The duration_ms, started_at, and ended_at fields are present on every grader result (including code-grader), enabling per-grader bottleneck analysis.

Common Options

Override Target

Run against a different target than specified in the eval file:

agentv eval --target azure-base evals/**/*.yaml

Experiment Label

Tag a pipeline run with an experiment name to track different conditions (e.g. with vs without skills):

agentv pipeline run evals/my-eval.yaml --experiment with_skills
agentv pipeline run evals/my-eval.yaml --experiment without_skills

The experiment label is written to manifest.json and propagated to each entry in index.jsonl by pipeline bench. The eval file stays the same across experiments — what changes is the environment. Dashboards can filter and compare results by experiment.

Run Specific Test

Run a single test by ID:

agentv eval --test-id case-123 evals/my-eval.yaml

Dry Run

Test the harness flow with mock responses (does not call real providers):

agentv eval --dry-run evals/my-eval.yaml

Output to Specific File

agentv eval evals/my-eval.yaml --out results/baseline.jsonl

Trace Persistence

Export execution traces (tool calls, timing, spans) to files for debugging and analysis:

By default, AgentV writes a per-run workspace with index.jsonl as the canonical manifest for result-oriented workflows. For full-fidelity span inspection, export OTLP JSON explicitly.

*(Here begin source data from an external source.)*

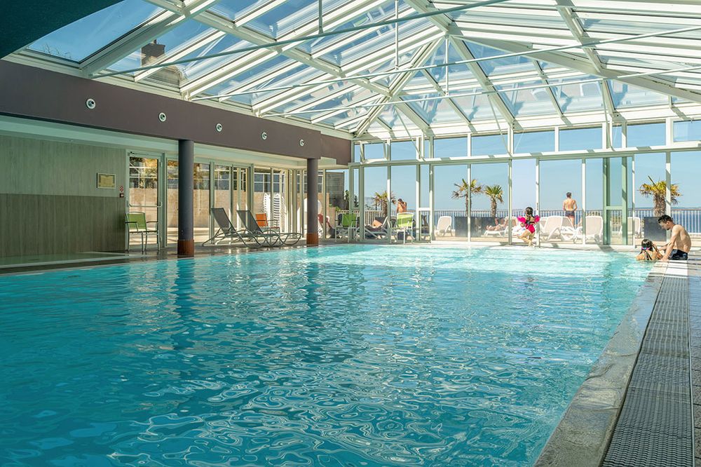 Piscine intérieure sous verrière chauffée toute l’année et un solarium, avec vue mer.
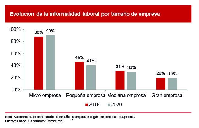 Nuestro mercado laboral se caracteriza por altas tasas de informalidad en el tejido empresarial y precariedad laboral, con una alta rotación de trabajadores, inadecuadas condiciones laborales y bajo acceso a seguridad social. Las enormes dimensiones de la informalidad involucran alrededor del 75.3% de la fuerza laboral en 2020, según cifras de la Encuesta Nacional de Hogares (Enaho), lo cual significa que tres de cada cuatro empleos son informales.
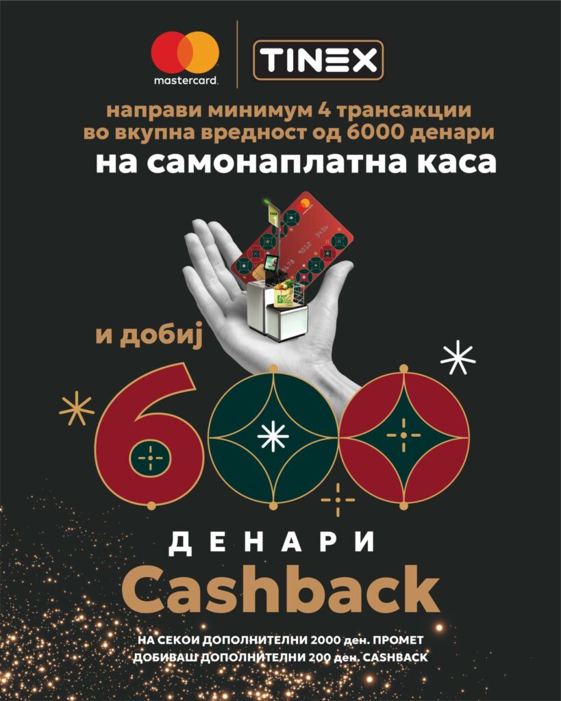 Со секое плаќање со Mastercard дебитна или кредитна картичка на касите за самонаплата во одбраните Тинекс и Конто маркети, ќе имате можност да остварите cashback и да ја наполните вашата кошничка со сè што е потребно за празничната трпеза и подароците.
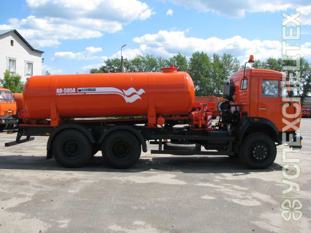 Вакуумная машина КО-505А предназначена для вакуумного забора, транспортировки и слива жидких отходов, не содержащих взрывчатых и горючих веществ.
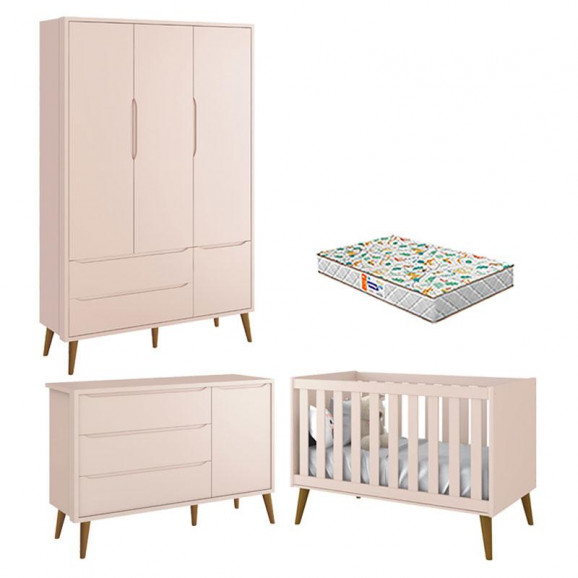Quarto de Bebê 3 Portas Theo Rosa Pés Amadeirados com Colchão Gazin – Reller
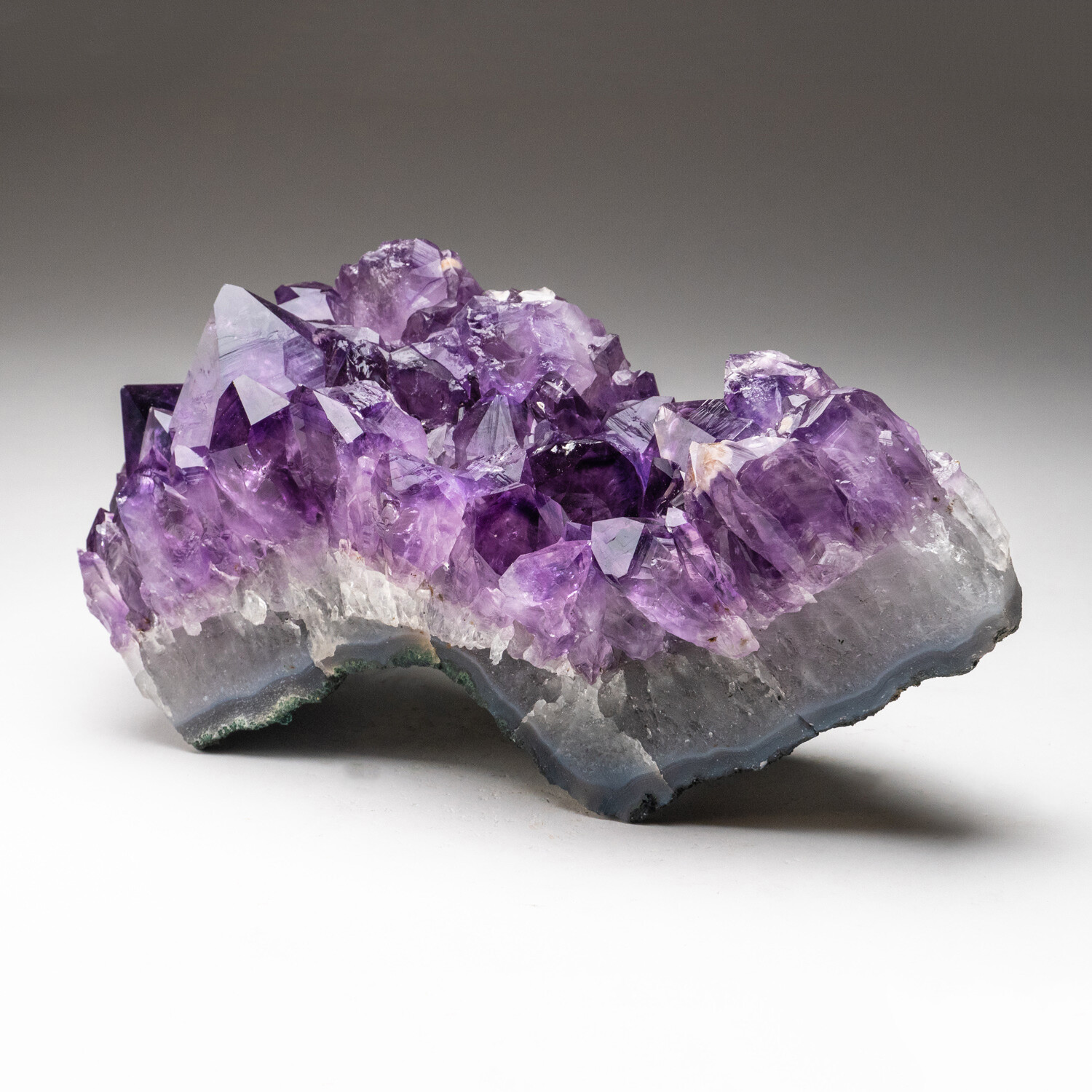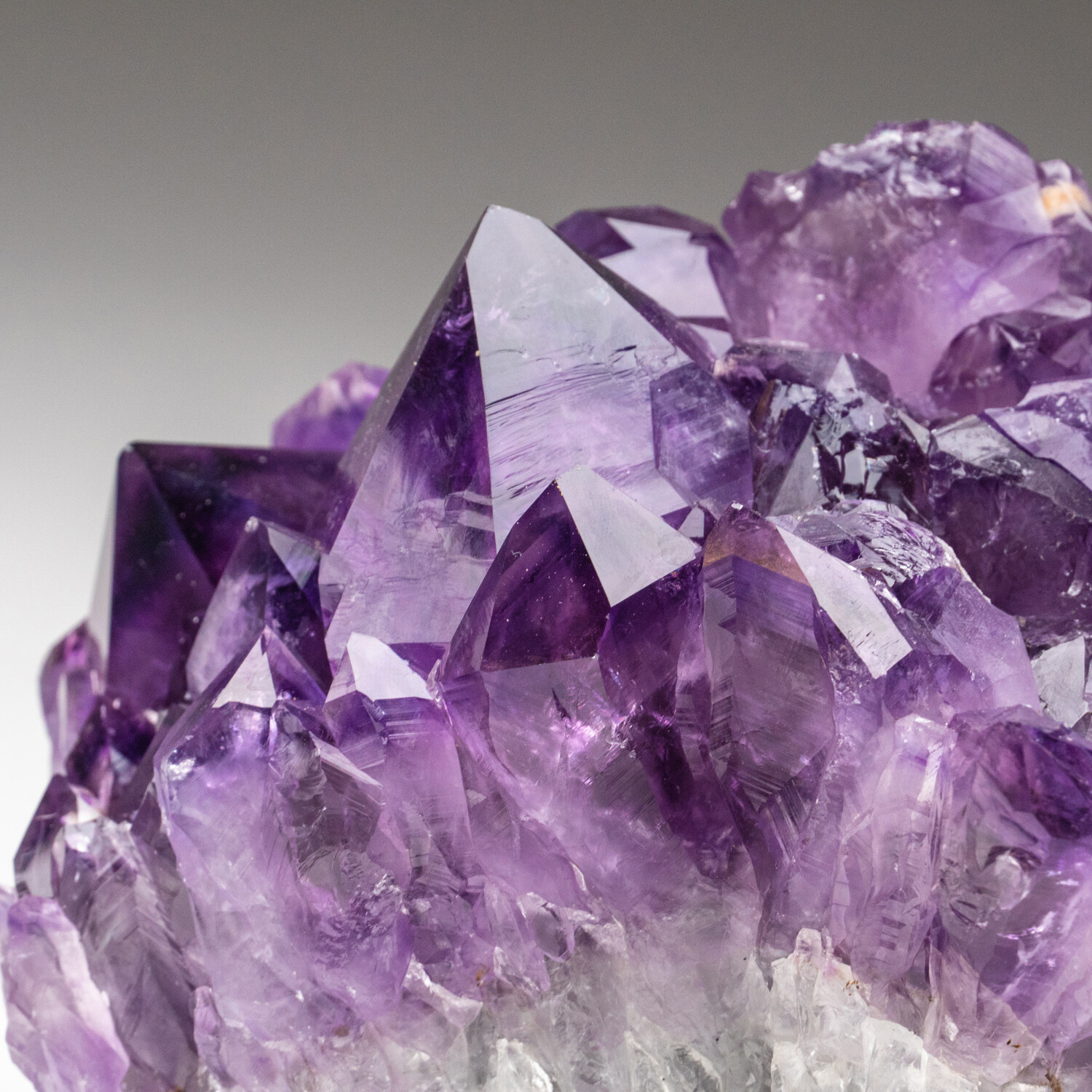 This AAA-quality, natural formation of amethyst cluster features lustrous fully terminated crystals with highly reflective faces and deep transparent to translucent super grape color. This piece is hand polished and would make a beautiful statement piece in any interior. Display on a shelf, or use as a unique centerpiece.

# Summary-level inspection from the run manifest
agentv trace stats .agentv/results/runs/<timestamp>/index.jsonl

# Full-fidelity OTLP JSON trace (importable by OTel backends like Jaeger, Grafana)
agentv eval evals/my-eval.yaml --otel-file traces/eval.otlp.json

# Inspect the OTLP trace export
agentv trace show traces/eval.otlp.json --tree

index.jsonl contains aggregate metrics such as score, latency, cost, token usage, and summary trace counters. --otel-file writes standard OTLP JSON that can be imported into any OpenTelemetry-compatible backend.

Live OTel Export

Stream traces directly to an observability backend during evaluation using --export-otel:

# Use a backend preset (braintrust, langfuse, confident)
agentv eval evals/my-eval.yaml --export-otel --otel-backend braintrust

# Include message content and tool I/O in spans (disabled by default for privacy)
agentv eval evals/my-eval.yaml --export-otel --otel-backend braintrust --otel-capture-content

# Group messages into turn spans for multi-turn evaluations
agentv eval evals/my-eval.yaml --export-otel --otel-backend braintrust --otel-group-turns

Braintrust

Set up your environment:

export BRAINTRUST_API_KEY=sk-...
export BRAINTRUST_PROJECT=my-project    # associates traces with a Braintrust project

Run an eval with traces sent to Braintrust:

agentv eval evals/my-eval.yaml --export-otel --otel-backend braintrust --otel-capture-content

The following environment variables control project association (at least one is required):

Variable	Format	Example
`BRAINTRUST_PROJECT`	Project name	`my-evals`
`BRAINTRUST_PROJECT_ID`	Project UUID	`proj_abc123`
`BRAINTRUST_PARENT`	Raw `x-bt-parent` header	`project_name:my-evals`

Each eval test case produces a trace with:

Root span (agentv.eval) — test ID, target, score, duration
LLM call spans (chat <model>) — model name, token usage (input/output/cached)
Tool call spans (execute_tool <name>) — tool name, arguments, results (with --otel-capture-content)
Turn spans (agentv.turn.N) — groups messages by conversation turn (with --otel-group-turns)
Evaluator events — per-grader scores attached to the root span

Langfuse

export LANGFUSE_PUBLIC_KEY=pk-...
export LANGFUSE_SECRET_KEY=sk-...
# Optional: export LANGFUSE_HOST=https://cloud.langfuse.com

agentv eval evals/my-eval.yaml --export-otel --otel-backend langfuse --otel-capture-content

Custom OTLP Endpoint

For backends not covered by presets, configure via environment variables:

export OTEL_EXPORTER_OTLP_ENDPOINT=https://your-backend/v1/traces
export OTEL_EXPORTER_OTLP_HEADERS="Authorization=Bearer token"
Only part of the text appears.